YOUR TASK
Using the records that follow, reproduce exactly the lines starting at the line containing "Beach Towel Monogrammed" and ending at the line containing "Junte-se para uma". Include both end lines and no pictures.

SUPPLIED INFORMATION

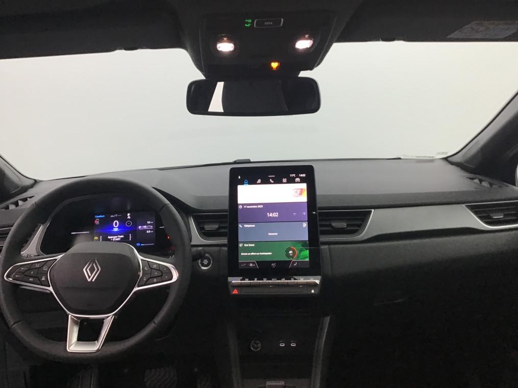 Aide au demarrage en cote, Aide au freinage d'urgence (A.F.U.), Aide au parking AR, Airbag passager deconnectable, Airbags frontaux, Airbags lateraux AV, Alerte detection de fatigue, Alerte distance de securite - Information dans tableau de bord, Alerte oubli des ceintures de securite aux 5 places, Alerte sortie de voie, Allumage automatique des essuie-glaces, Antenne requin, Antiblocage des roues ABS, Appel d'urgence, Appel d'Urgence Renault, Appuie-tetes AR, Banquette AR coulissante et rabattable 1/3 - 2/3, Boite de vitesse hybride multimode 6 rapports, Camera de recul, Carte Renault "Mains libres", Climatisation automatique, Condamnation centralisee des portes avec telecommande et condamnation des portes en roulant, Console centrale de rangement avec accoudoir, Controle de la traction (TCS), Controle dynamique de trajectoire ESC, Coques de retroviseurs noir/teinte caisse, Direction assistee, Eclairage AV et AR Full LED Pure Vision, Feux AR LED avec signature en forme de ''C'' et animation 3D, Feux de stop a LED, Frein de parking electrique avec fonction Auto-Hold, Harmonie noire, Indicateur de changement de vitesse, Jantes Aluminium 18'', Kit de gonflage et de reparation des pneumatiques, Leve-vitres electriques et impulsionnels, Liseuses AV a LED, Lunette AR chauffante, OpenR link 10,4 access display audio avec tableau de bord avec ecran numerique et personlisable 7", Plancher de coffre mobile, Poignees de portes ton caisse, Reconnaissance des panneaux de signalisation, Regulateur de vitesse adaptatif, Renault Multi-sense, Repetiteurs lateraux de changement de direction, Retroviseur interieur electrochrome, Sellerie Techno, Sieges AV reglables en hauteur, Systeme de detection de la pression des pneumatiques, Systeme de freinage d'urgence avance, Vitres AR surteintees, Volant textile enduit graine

...

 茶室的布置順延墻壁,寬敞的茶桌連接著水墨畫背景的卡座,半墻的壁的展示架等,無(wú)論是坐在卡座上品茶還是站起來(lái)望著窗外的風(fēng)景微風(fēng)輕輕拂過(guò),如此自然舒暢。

--

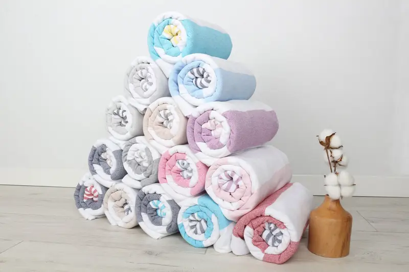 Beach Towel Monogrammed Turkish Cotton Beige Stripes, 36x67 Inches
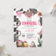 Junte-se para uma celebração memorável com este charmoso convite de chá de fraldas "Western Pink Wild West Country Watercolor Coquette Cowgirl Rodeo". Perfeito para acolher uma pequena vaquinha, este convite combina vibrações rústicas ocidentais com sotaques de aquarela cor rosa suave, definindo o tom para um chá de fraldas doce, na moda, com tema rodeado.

SOLUTION TO THE PROBLEM
 Beach Towel Monogrammed Turkish Cotton Beige Stripes, 36x67 Inches
 Junte-se para uma celebração memorável com este charmoso convite de chá de fraldas "Western Pink Wild West Country Watercolor Coquette Cowgirl Rodeo". Perfeito para acolher uma pequena vaquinha, este convite combina vibrações rústicas ocidentais com sotaques de aquarela cor rosa suave, definindo o tom para um chá de fraldas doce, na moda, com tema rodeado.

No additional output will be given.